- _EXERCISE DIRECTIONS_
Return each entry word for word. Leave the images out.

Records excerpted from a collection
++++++++++++++++++++

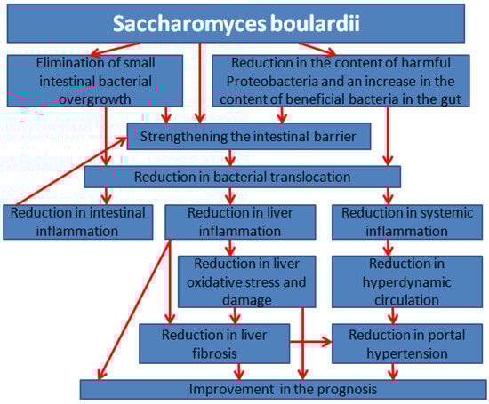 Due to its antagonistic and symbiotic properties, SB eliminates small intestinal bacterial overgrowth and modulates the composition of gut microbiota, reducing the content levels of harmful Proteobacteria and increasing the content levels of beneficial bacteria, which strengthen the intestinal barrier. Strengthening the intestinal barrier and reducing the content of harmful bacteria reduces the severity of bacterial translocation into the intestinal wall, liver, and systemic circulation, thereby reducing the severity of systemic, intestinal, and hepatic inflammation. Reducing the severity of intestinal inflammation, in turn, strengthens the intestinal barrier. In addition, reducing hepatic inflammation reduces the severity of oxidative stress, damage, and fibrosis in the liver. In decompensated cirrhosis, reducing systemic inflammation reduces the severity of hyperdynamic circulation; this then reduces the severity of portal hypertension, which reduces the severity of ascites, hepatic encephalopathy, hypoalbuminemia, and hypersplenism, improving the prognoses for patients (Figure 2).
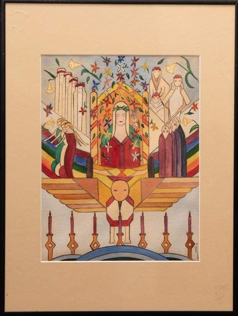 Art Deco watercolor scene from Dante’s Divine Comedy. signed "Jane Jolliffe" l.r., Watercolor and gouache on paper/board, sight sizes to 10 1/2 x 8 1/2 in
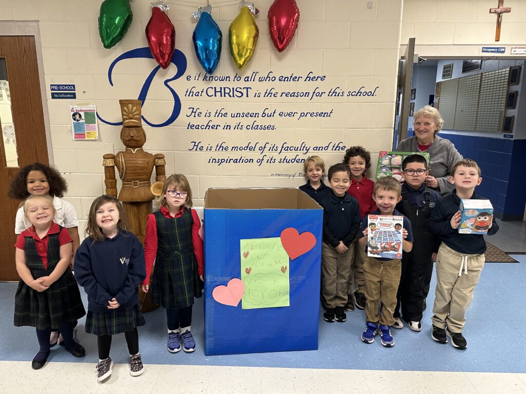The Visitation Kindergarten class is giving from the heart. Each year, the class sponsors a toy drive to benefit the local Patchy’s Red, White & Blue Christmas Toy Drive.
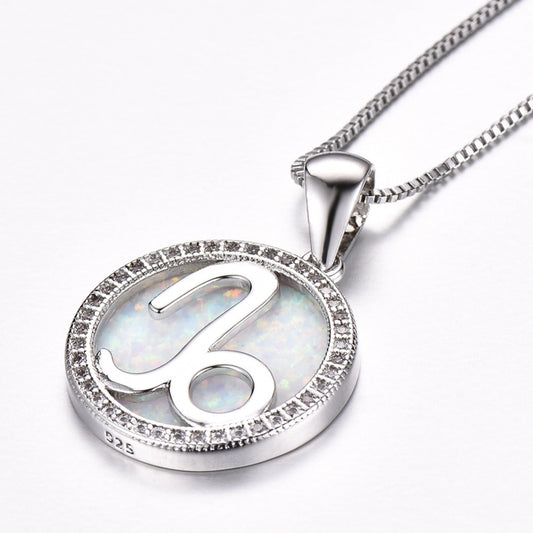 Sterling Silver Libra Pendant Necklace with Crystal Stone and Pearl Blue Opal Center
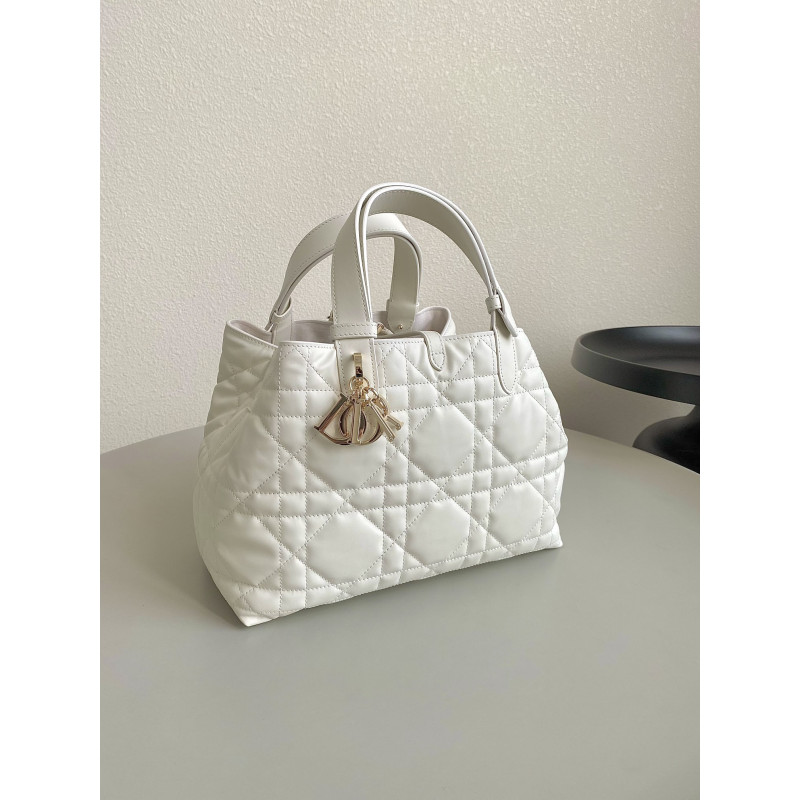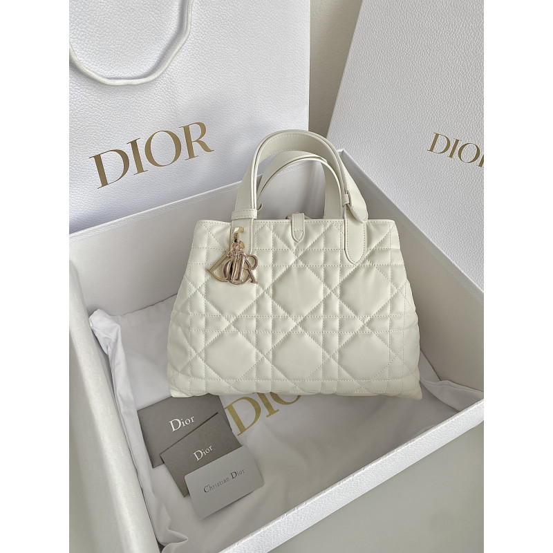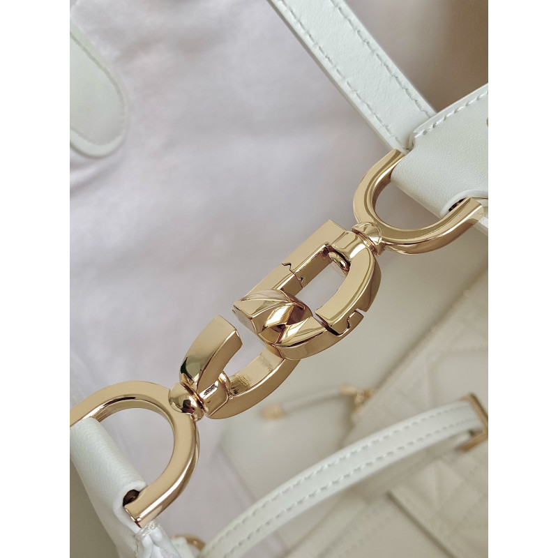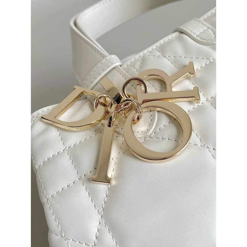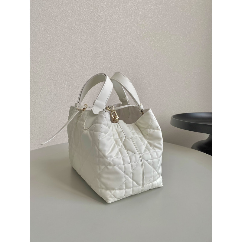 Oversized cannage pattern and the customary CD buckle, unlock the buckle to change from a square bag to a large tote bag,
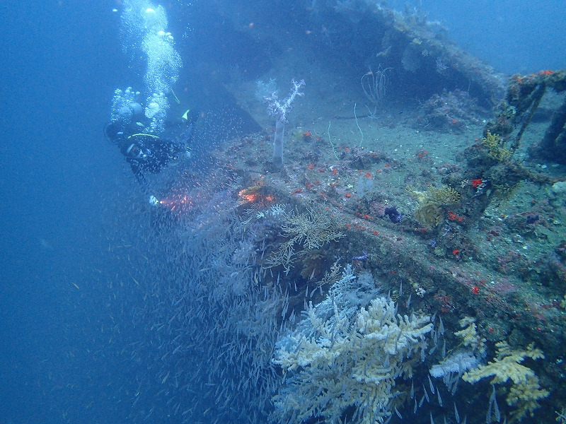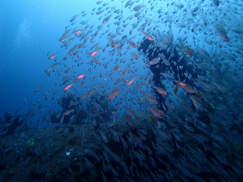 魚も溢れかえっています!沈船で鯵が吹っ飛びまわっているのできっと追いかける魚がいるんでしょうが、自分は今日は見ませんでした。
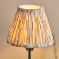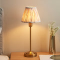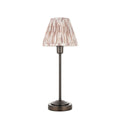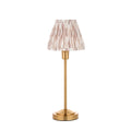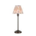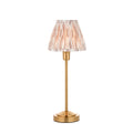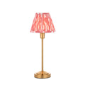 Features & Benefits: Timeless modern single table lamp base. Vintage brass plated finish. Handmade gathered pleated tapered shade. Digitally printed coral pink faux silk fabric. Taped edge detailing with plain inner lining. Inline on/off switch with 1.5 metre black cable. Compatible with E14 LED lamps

++++++++++++++++++++

- _RESULT OF THE EXERCISE_
 Due to its antagonistic and symbiotic properties, SB eliminates small intestinal bacterial overgrowth and modulates the composition of gut microbiota, reducing the content levels of harmful Proteobacteria and increasing the content levels of beneficial bacteria, which strengthen the intestinal barrier. Strengthening the intestinal barrier and reducing the content of harmful bacteria reduces the severity of bacterial translocation into the intestinal wall, liver, and systemic circulation, thereby reducing the severity of systemic, intestinal, and hepatic inflammation. Reducing the severity of intestinal inflammation, in turn, strengthens the intestinal barrier. In addition, reducing hepatic inflammation reduces the severity of oxidative stress, damage, and fibrosis in the liver. In decompensated cirrhosis, reducing systemic inflammation reduces the severity of hyperdynamic circulation; this then reduces the severity of portal hypertension, which reduces the severity of ascites, hepatic encephalopathy, hypoalbuminemia, and hypersplenism, improving the prognoses for patients (Figure 2).
 Art Deco watercolor scene from Dante’s Divine Comedy. signed "Jane Jolliffe" l.r., Watercolor and gouache on paper/board, sight sizes to 10 1/2 x 8 1/2 in
The Visitation Kindergarten class is giving from the heart. Each year, the class sponsors a toy drive to benefit the local Patchy’s Red, White & Blue Christmas Toy Drive.
 Sterling Silver Libra Pendant Necklace with Crystal Stone and Pearl Blue Opal Center
 Oversized cannage pattern and the customary CD buckle, unlock the buckle to change from a square bag to a large tote bag,
 魚も溢れかえっています!沈船で鯵が吹っ飛びまわっているのできっと追いかける魚がいるんでしょうが、自分は今日は見ませんでした。
 Features & Benefits: Timeless modern single table lamp base. Vintage brass plated finish. Handmade gathered pleated tapered shade. Digitally printed coral pink faux silk fabric. Taped edge detailing with plain inner lining. Inline on/off switch with 1.5 metre black cable. Compatible with E14 LED lamps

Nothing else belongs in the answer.